12th Cause of Action: Promissory Estoppel

            Plaintiff alleges sufficient facts for promissory estoppel.  “The elements of a promissory estoppel claim are ‘(1) a promise clear and unambiguous in its terms; (2) reliance by the party to whom the promise is made; (3) [the] reliance must be both reasonable and foreseeable; and (4) the party asserting the estoppel must be injured by his reliance.’ ”  (US Ecology, Inc. v. State of California (2005) 129 Cal.App.4th 887, 901.) 

            Plaintiff alleges sufficient facts at this stage.  It alleges, “Defendants promised insureds and DoctorNow that they would cover and pay in full the costs for COVID-19 Testing and Services.”  (Comp., ¶ 174.)  Plaintiff “relied on Defendants’ promises.”  (Ibid.)  Plaintiff further alleges, “Defendants knew that by their actions and omissions, their payments, and communications, they merely intended for insureds and DoctorNow to rely on those promises, knowing full well that they would later refuse to pay a substantial number of claims that would grow over time.”  (¶ 175.)  Plaintiff alleges it was injured because it provided COVID tests for which it has not been fully paid.  (¶¶ 178, 180.)  Whether plaintiff’s reliance was reasonable or foreseeable is a question of fact that cannot be resolved on demurrer.

13th Cause of Action: Equitable Estoppel

            Equitable estoppel is not a cause of action.  “[E]quitable estoppel ‘acts defensively only.  It operates to prevent one from taking an unfair advantage of another but not to give an unfair advantage of one seeking to invoke the doctrine.’ ”  (Ryder v.

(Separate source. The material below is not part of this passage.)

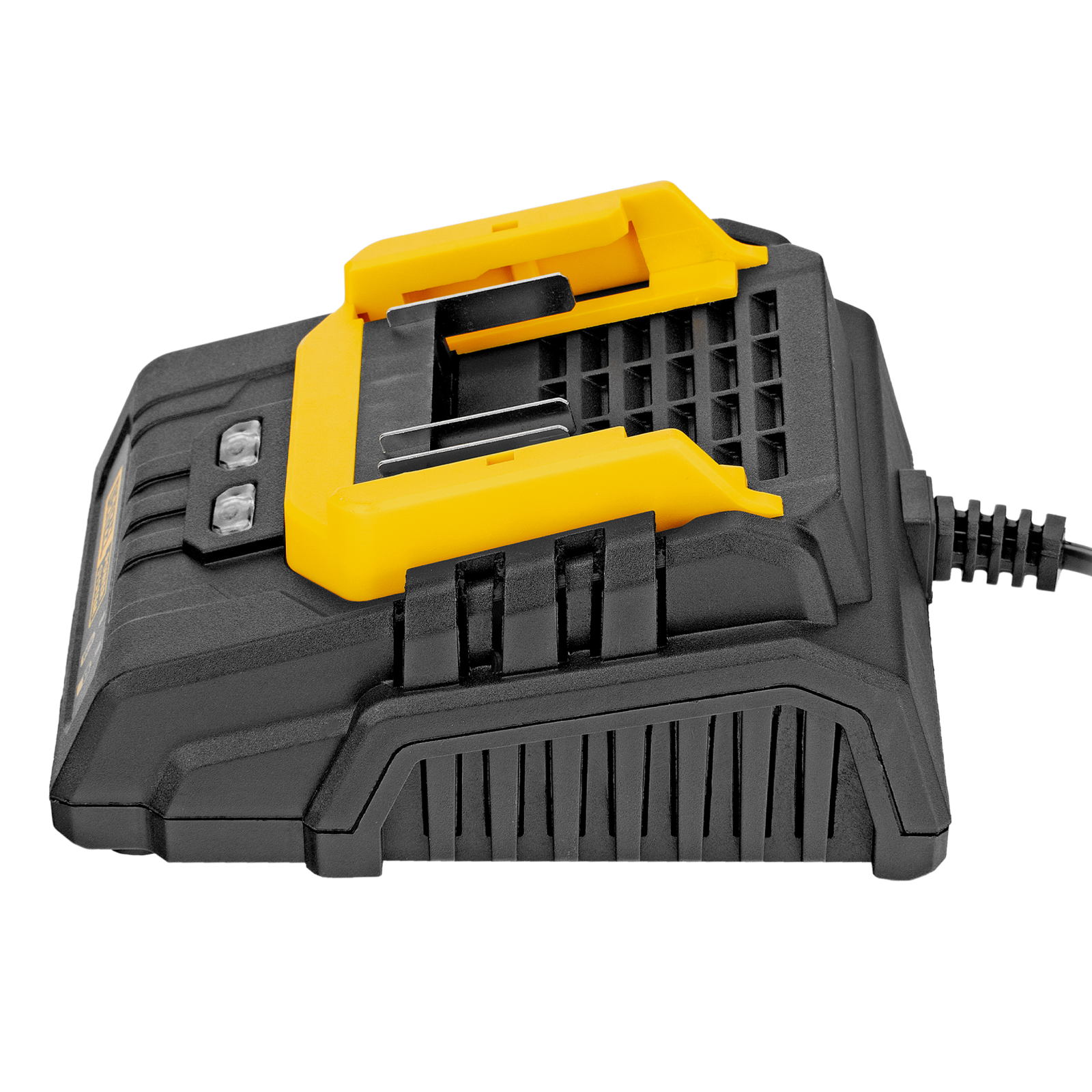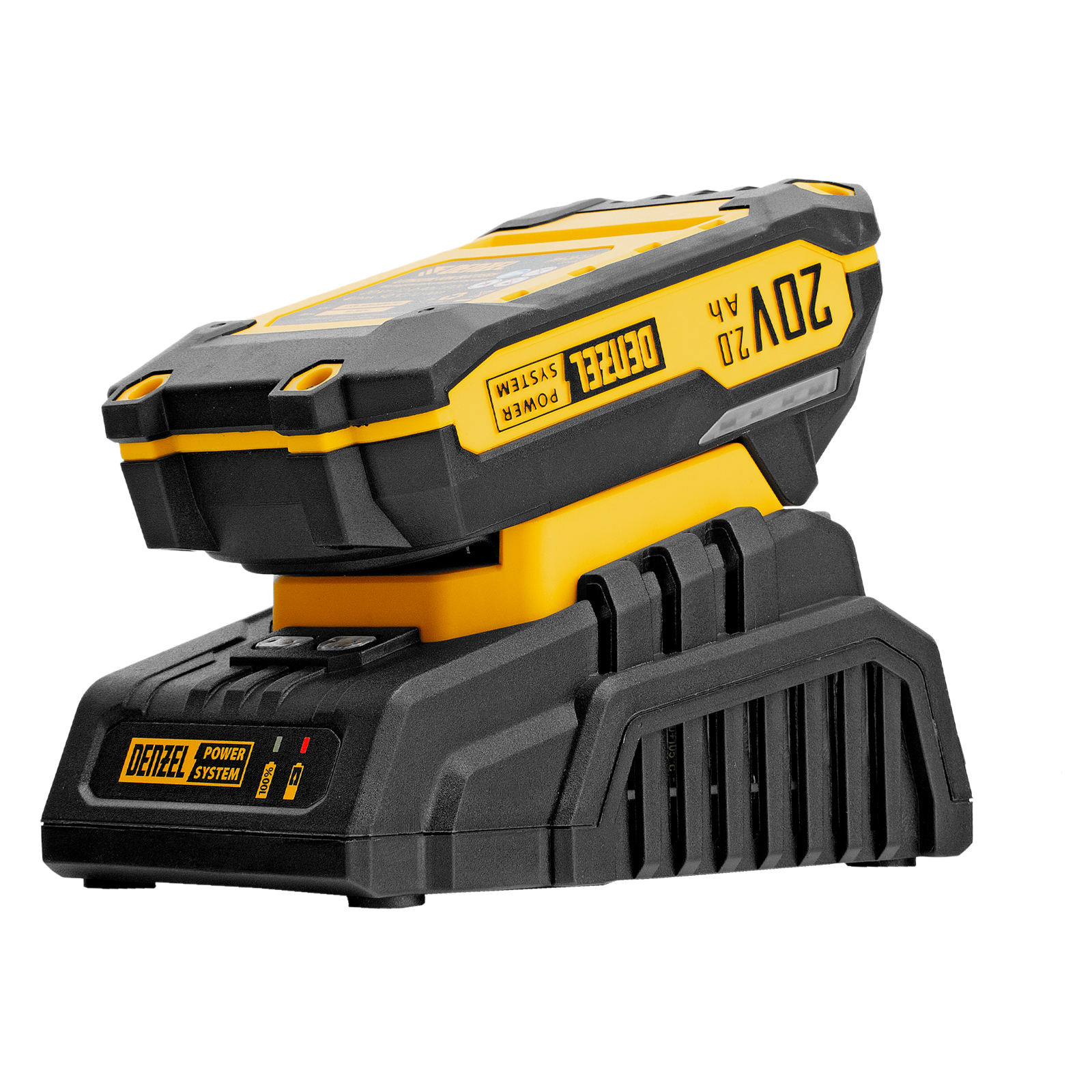 Зарядное устройство Denzel BCH-20-2.0 28456 поддерживает ток заряда 2,0 A и предназначено для восстановления работоспособности аккумуляторов Denzel Li-Ion 20 В (артикулы 28442, 28444 и 28446). Обеспечивает быструю и полную зарядку, что позволяет избежать длительных перерывов в работе с аккумуляторным инструментом.

Lightstorm Entertainment, Inc. (2016) 246 Cal.App.4th 1064, 1075.)  “[A] stand-alone cause of action for equitable estoppel will not lie as a matter of law.”  (Behnke v. State Farm General Ins. Co. (2011) 196 Cal.App.4th 1443, 1463.) 

14th Cause of Action: Declaratory and Injunctive Relief

Plaintiff does not allege sufficient facts for declaratory relief.  Declaratory relief “operates prospectively” and is not proper “where there is an accrued cause of action for an actual breach of contract or other wrongful act.”  (Baldwin v. Marina City Properties, Inc. (1978) 79 Cal.App.3d 393, 407.)  A claim for declaratory relief does not lie when “ ‘the rights of the complaining party have crystallized into a cause of action for past wrongs’ ” and “a money judgment will fully resolve the dispute.”  (Cardellini v. Casey (1986) 181 Cal.App.3d 389, 396.) 

Plaintiff alleges defendant owes a specific amount of money—down to the penny—for underpaying past claims.  (Comp., ¶ 72.)  Plaintiff further asserts defendants violated a statute that no longer applies because it is now more than “six months after the federal public health emergency expire[d].”  (Health & Saf. Code, § 1342.2, subd. (a)(5).)  The controversy is not prospective.    

As for injunctive relief, plaintiff does not allege sufficient facts to constitute a cause of action because “[i]njunctive relief is a remedy, not a cause of action.”  (Allen v. City of Sacramento (2015) 234 Cal.App.4th 41, 65.) 

Disposition

Defendants Blue Shield of California Life & Health Insurance Company and California Physicians’ Service dba Blue Shield of California’s demurrer to plaintiff’s second, fourth, fifth, sixth, seventh, eighth, ninth, tenth, eleventh, thirteenth, and fourteenth causes of action is sustained with 20 days’ leave to amend.  The demurrer to all other causes of action is overruled.